Hierarchical Clustering of the Commuter Network
I applied a modularity-based clustering algorithm to find a set of communities \(coms\) in the commuter network. In order to find sub-communities, I applied the clustering algorithm to each of the resulting communities. Let's call this operation \(refine(coms)\). In order to find super-communities (megaregions), I combined each of the communities into single units and applied the clustering algorithm to get the "communities of communities". Let's call this operation \(coarsen(coms)\).
There are many combinations of these operations that I could have generated. However, I found that these four layers of hierarchy were the most interesting:
- Megaregions: \(coarsen(coms)\)
- Broad urban areas: \(coms\)
- Cities: \(refine(coms)\)
- Sub-cities: \(refine(refine(coms))\)
These all all shown on the interactive map below. At the default zoom level, this shows the megaregions, but zooming in reveals the broad urban areas, the cities, and the sub-cities:
(I highly recommend pressing the button to make the map full screen and playing around.)
At this point it is important to note that the algorithm that generated these regions knows nothing about geography or political boundaries. It only knows about the number of commuters traveling between pairs of census tracts. The fact that the regions are mostly connected is purely emergent, as is any alignment with political boundaries.
Observations From the Map
At the megaregion level, regions like Northeast and Mid-Atlantic, the Southeast, etc. emerge. Most commutes are far smaller than any of these regions, so the fact that they align with our expectations is nontrivial.
Zooming in, the next level in the hierarchy has regions for every major urban area:
It's interesting how compact these regions are, and how they follow a Voronoi-like pattern (specifically, it looks like a power diagram).
Focusing on Illinois as an example, Chicago is contained in a large urban region (as it should be), while the smaller cities of Central Illinois have their own region.
Zooming in further, the Central Illinois region breaks up into its constituent cities, while the Chicago suburbs split into western, southern, and Gary Indiana sections. Interestingly, the northern suburbs stay with the city itself.

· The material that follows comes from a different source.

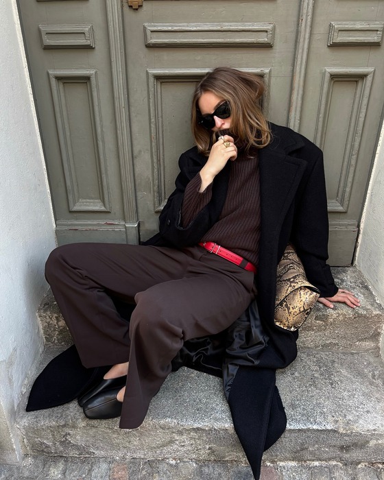 올블랙 코디에 레드 벨트를 적용하면 이처럼 단순하고 확실하게 스타일링을 완성할 수 있습니다. 어떤가요? 올가을, 단풍처럼 붉은 레드를 온몸 여기저기에 스타일링해보고 싶지 않은가요? 가을부터 겨울까지, 앞서 소개한 모자, 가방, 신발, 벨트 그리고 의상뿐 만이 아니라 머플러, 장갑 등 레드를 포인트로 한 취향 좋은 룩은 무궁무진하게 등장할 예정입니다.

Zooming in once more to the highest-resolution of communities that I computed, the southern and western neighborhoods of Chicago split off. Meanwhile, the northern neighborhoods stay more closely linked to downtown (as does Hyde Park which is home to the University of Chicago).
Though it is hard to say anything quantitative, these splits seem to generally correspond to what I would expect as a resident of Chicago.

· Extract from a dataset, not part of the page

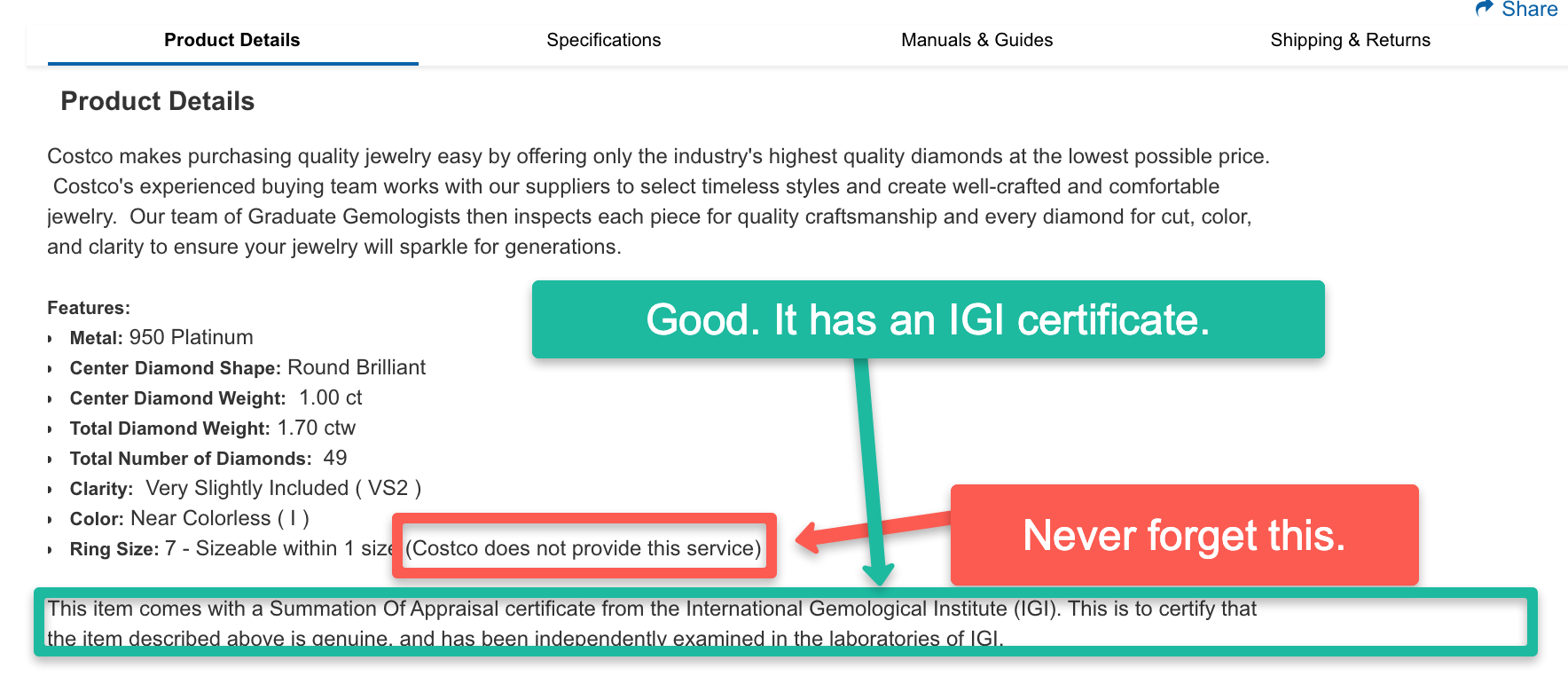 About the Costco diamond, once again, we just don’t know. They didn’t tell us the cut quality, that I could find anywhere on that product page. (And it certainly wasn’t in the usual place, the easy-to-find specs list.

Official political boundaries often have little correlation with the actual community divisions. For example, this map shows the seemingly arbitrary borders of the city of Boston, swooping in and out of neighborhoods in ways that are largely invisible on the ground:
However, there are a few instances where the communities in the commuting network seem to correspond to political boundaries in places where it might seem like there was little division.

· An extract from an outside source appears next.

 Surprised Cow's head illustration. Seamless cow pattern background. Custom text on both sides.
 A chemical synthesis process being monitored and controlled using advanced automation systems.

For example, some of the state borders of Massachusetts, Connecticut, and New Jersey are visible in these commuting communities:
And New York breaks into its five boroughs:
There is lots more to see in that map, and I recommend exploring yourself. Also feel free to contact me to tell me whether this aligns with your expectations in regions you are familiar with.
Issues and Future Work
There are some issues with the map that I should point out, as well as some avenues for improvement.
One issue is that some communities seem to be "atomic", in the sense that they have no meaningful sub-communities. In these cases, the algorithm often breaks everything up into tons of meaningless sub-communities. This can be seen in Staten Island in the map above, as well as by zooming in too far on any small city.
Another more fundamental issue is that there is no way to control the size of communities that it finds. That is, I don't know if there is an intrinsic reason why the algorithm found communities of the size it did, and not bigger or smaller ones. I also don't know whether it would find radically bigger or smaller communities when given slightly different input data. I believe this issue can be solved with a different community finding algorithm, but I will save the results for a future post.